The young couple reunite and are later married at sea.

==Production==
Approximately one half of the scenes were shot on board the SS Calawaii of the Los Angeles Steamship Company during 14 days during a round trip voyage from San Francisco to Honolulu, Hawaii.

==Reception==
The New York Times writes that the subject of shipboard romances are "invariably appealing, especially when the heroine has youth and beauty and the hero is a British Major clad in a faultlessly cut uniform", offering that the film begins well and slackens at the end only because the heroine "is just a little bit too credulous, even for a girl who is much in love." They offer that viewers are apt to think of the Rudyard Kipling poem An Unknown Goddess, because La Plante's character of Ann is younger than she appears and Eugene O'Brien's character of Major Anthony Seymour initially takes only a paternal interest in someone he believes a child. When he realizes her age his intentions turn affectionate, but become complicated when he learns that Ann is the daughter of an old sweetheart.
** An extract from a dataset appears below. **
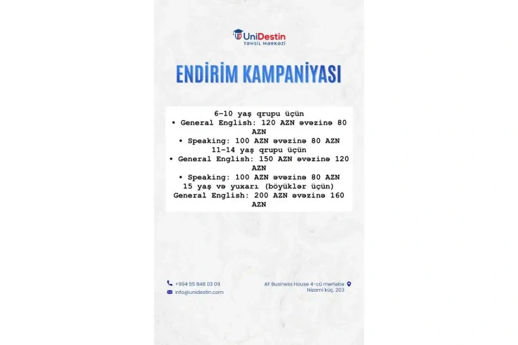 General English: 120 AZN əvəzinə 80 AZN Speaking: 100 AZN əvəzinə 80 AZN

They praise director William A. Seiter, writing that he "shows originality and imagination in his direction of a number of scenes." They also share that "Laura La Plante is quite effective as Ann", and that Eugene O'Brien "acts the role of Seymour with sincerity and restraint." They conclude that the film "is a photoplay which can be enjoyed because of the appealing love story and the pains taken by the producers to give an idea of the background, both aboard ship and in India."

==Preservation==
With no prints of Dangerous Innocence located in any film archives, it is a lost film.